§ Exercise objective: Exact reproduction of the data is required, with images excluded.
[Given records Boundary: Start]
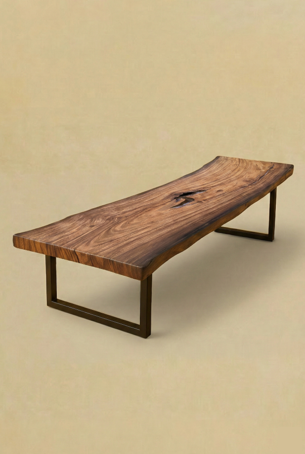 Our hand rubbed oil finish is an extremely durable finish that richens the wood grain and color of our tables more than a clear top coat. Overall the look and feel of this finish option is soft, low sheen, and when you touch or rub the slab table you feel like you are truly connecting with the natural essence of the wood. The hand rubbed finishes we use are plant based 0-VOC products that incorporate 2-part hardeners to increase durability. The catalyzed 2-part hard wax oil finish utilizes molecular bonding to adhere to the wood on a cellular level, rather than forming a thick film on the top layer. This is an easy to clean finish option that can be spot fixed or repaired if need be, and there are a variety of wood creams and maintenance oils that can be purchased if a quick easy refresh is desired.
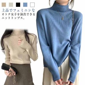 春 冬 ニット ハイネック レディース 暖かい シンプル 長袖 秋 トップス 薄手 無地 きれいめ リブニット セーター おしゃれ オフィス 韓国ファ
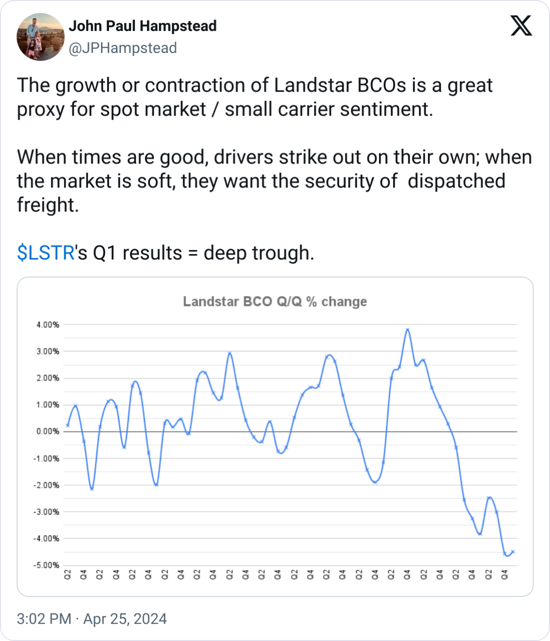 📉 Market Indicator. The change in Landstar BCOs reflects broader trends in the spot market and small carrier sentiment, with Q1 showing significant downturns.
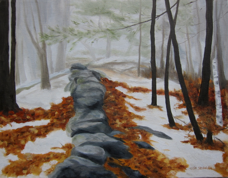 Stonewall in the Snow Posted on September 6, 2014 by lisasegarra Oil on canvas. This is based on a photo taken on a walk through the woods on a misty day. Share this: Click to share on Facebook (Opens in new window) Facebook Click to share on X (Opens in new window) X Like Loading... Related
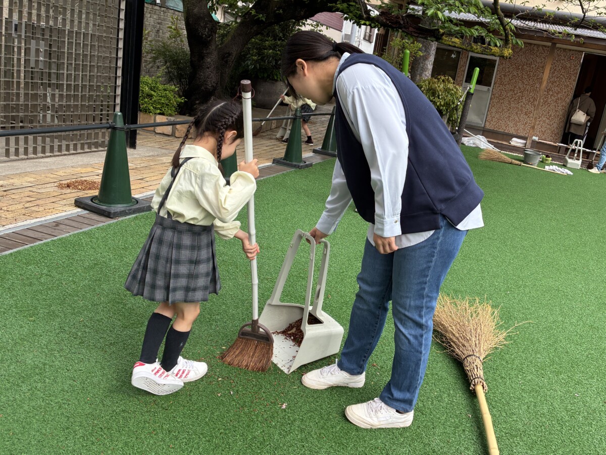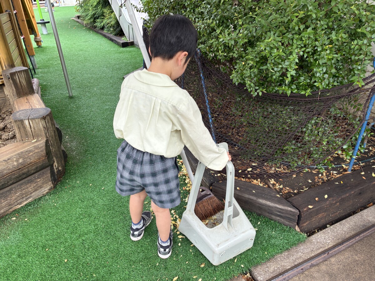 先生たちが掃除をしている姿を見ると、ほうきやちりとりを持ち、先生の姿を真似しながら落ちている葉っぱを拾ってくれていました。
[Given records Boundary: End]
§ Exercise answer:
 Our hand rubbed oil finish is an extremely durable finish that richens the wood grain and color of our tables more than a clear top coat. Overall the look and feel of this finish option is soft, low sheen, and when you touch or rub the slab table you feel like you are truly connecting with the natural essence of the wood. The hand rubbed finishes we use are plant based 0-VOC products that incorporate 2-part hardeners to increase durability. The catalyzed 2-part hard wax oil finish utilizes molecular bonding to adhere to the wood on a cellular level, rather than forming a thick film on the top layer. This is an easy to clean finish option that can be spot fixed or repaired if need be, and there are a variety of wood creams and maintenance oils that can be purchased if a quick easy refresh is desired.
 春 冬 ニット ハイネック レディース 暖かい シンプル 長袖 秋 トップス 薄手 無地 きれいめ リブニット セーター おしゃれ オフィス 韓国ファ
 📉 Market Indicator. The change in Landstar BCOs reflects broader trends in the spot market and small carrier sentiment, with Q1 showing significant downturns.
 Stonewall in the Snow Posted on September 6, 2014 by lisasegarra Oil on canvas. This is based on a photo taken on a walk through the woods on a misty day. Share this: Click to share on Facebook (Opens in new window) Facebook Click to share on X (Opens in new window) X Like Loading... Related
 先生たちが掃除をしている姿を見ると、ほうきやちりとりを持ち、先生の姿を真似しながら落ちている葉っぱを拾ってくれていました。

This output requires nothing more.